Biographical information from Carol F. Karlsen,
The Devil in the Shape of a
Woman: Witchcraft in Colonial New England
(New York, 1987), 106–107. The defamation of her mother in 1679 is recorded in
EC Ct Recs
7:238. Oral history descending in the family, reported a century later by a Salem clergyman, described the circumstances of her arrest but not what occasioned it. See
The Diary of William Bentley, D.D., Pastor of the East Church, Salem, Massachusetts
(Gloucester, Mass., 1962), 2:24. This vivid narrative, relied on heavily by Bryan F. Le Beau in his “Philip English and the Witchcraft Hysteria,”

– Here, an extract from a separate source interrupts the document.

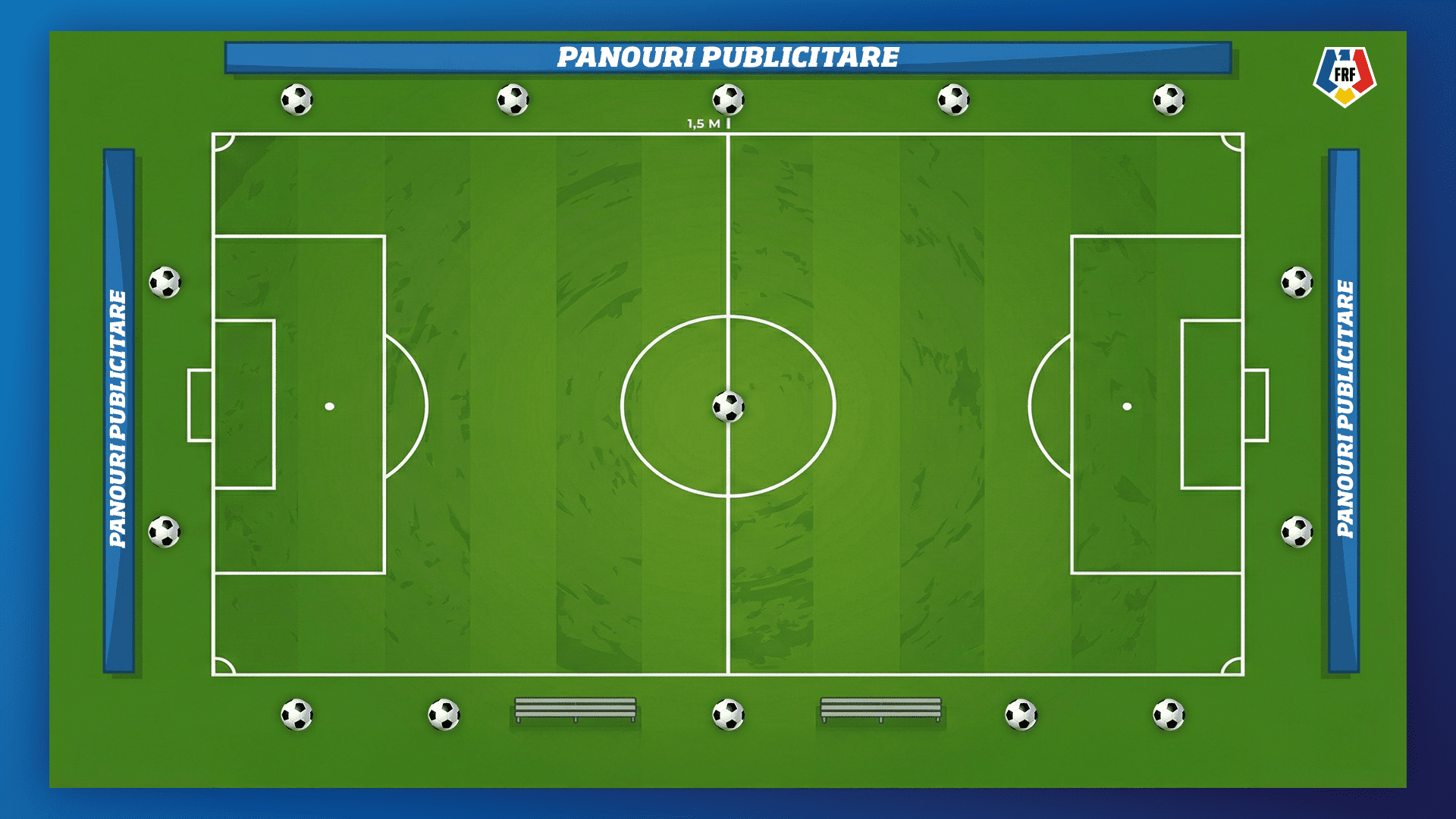Dintre acestea, câte două mingi vor fi poziționate în spatele fiecărei linii de poartă, iar restul vor fi distribuite de-a lungul marginilor terenului, conform schemei stabilite de organizatori.
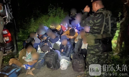 伯乐头条专讯:6月12日,泰国第九步兵师联合北碧府警方在通帕蓬县展开突袭,抓获29名非法入境的缅甸劳工。这群劳工承认通过“人头账户”支付每人7万泰铢的偷渡费用,企图以泰国为中转站前往马来西亚。警方在追查过程中截停了可疑皮卡车,司机弃车逃入森林。

Historical Journal of Massachusetts
15 (1987): 1–20, is unreliable on many details. For example, it claims that while Mary English was being detained in the Salem Town tavern (rather than the jail) her husband visited her frequently, and also that she “kept a journal of the examinations held below, which she constantly sent to Boston.” Because of her high status she might have been held initially at Thomas Beadle’s tavern, but that would have contravened the magistrates’ explicit order that she be jailed (
SWP
2:429). And since her husband fled shortly after she was arrested, he could not have visited her anywhere more than once or twice. Some of the examinations between 22 April and 12 May, when she was sent to prison in Boston (ibid., 2:474), were indeed conducted at Beadle’s tavern, but to whom she would have addressed accounts of them and to what purpose are both unclear.